A really elegant mini tone enhancer which functions as a very pleasant overdrive in the higher range of the one dial. This circuit is of course included as the right-hand side of the above referenced Ganapati Drive + Boost pedal. This pedal is great as an always-on boost too, and would offer fantastic competition to my other two favourite mini boosts - the Xotic EP Booster and TC Electronic Spark Mini.
Demon Pedals is the very epitome of a quality boutique pedal builder - small but perfectly formed with a really decent tightly packed proposition. There are so many pedal builders around that it takes some little spark of brilliance to stand out and be relevant - and often, as with cooking it's about all the right ingredients coming together at the right time.
You often need a 'gateway pedal' into the range - to truly appreciate what is on offer, and how good it really is in context and comparison to everything else. For me there were two steps here - the brilliance of the Kondo Shifuku and the right tweaks to the core design to appeal to my refined sense of aesthetics.
These pedals are obviously a relatively pricey proposition - but again you really get what you pay for here, and even though I'm not at all looking for exclusivity you get that too - as there are relatively very few of these pedals out there in the world. I guess it's up to Matt and Pete really as to how they want to play this - and as this is in part hobby-based - it will only likely continue as long as the work remains rewarding and enjoyable.

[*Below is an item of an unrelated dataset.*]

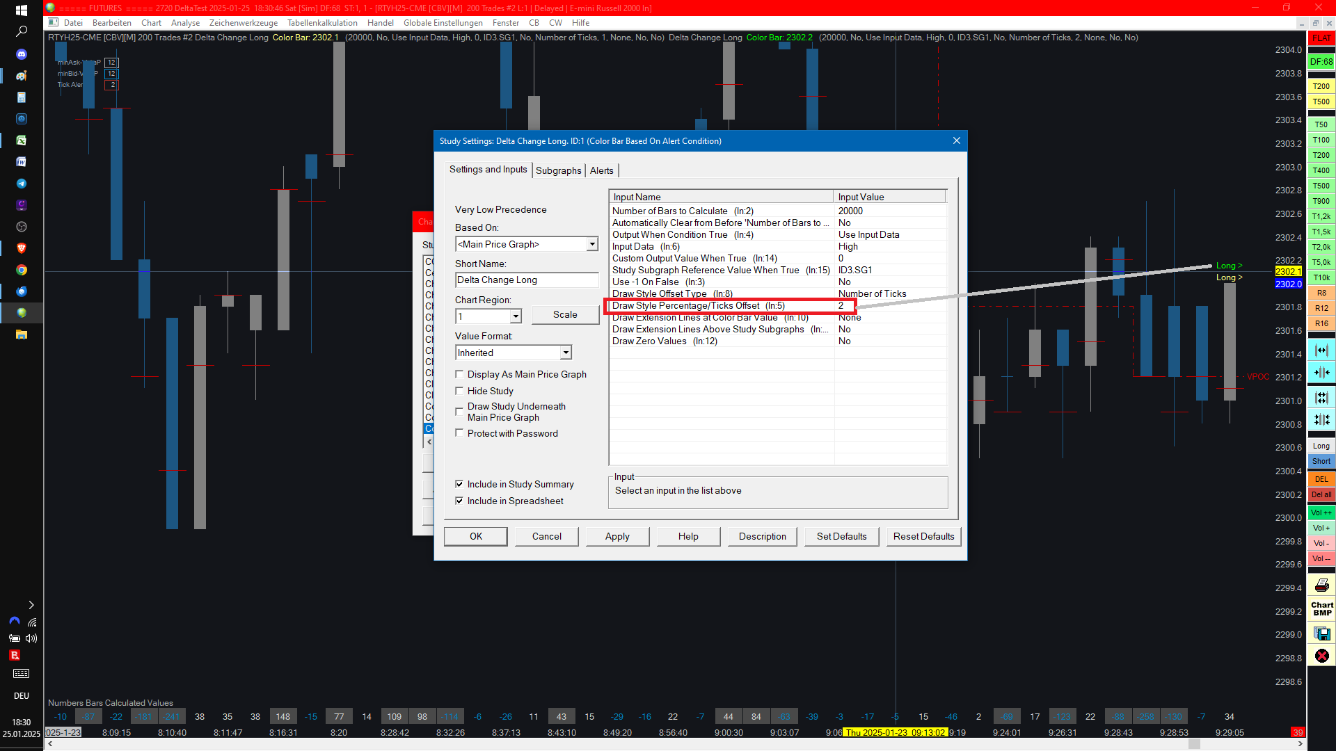 Strange, now the texts are above the high. BUT it is still not correct. pic 3: here it is set: Draw Style Ticks Offset = 1 But the text is exactly on the high and not 1 tick above it. I have switched on the crosshairs so that you can see the price on the right pic 4: Here I have set Tick Offset = 2, but it is only 1 tick above the high. The price on the right also shows it. What is the problem here? Here is the chart book for you to check. Date Time Of Last Edit: 2025-01-25 17:46:32

These are some of the very finest pedals in my collection - and I encourage others to seek them out too. I don't lightly invest in a full range - but on this occasion I feel each of those 4 pedals above is worthy and a leading or principal contender within its own category.
As mentioned above - the Ganesha is currently the most sold pedal mentioned here and understandably so - while each of the above really merits its own consideration / inclusion. I look forward to witnessing and reporting on what innovations Matthias and Pete have coming down the line. I know that they are forever investing in better print and production technology and I expect to see some very creative uses of those in the not too distant future.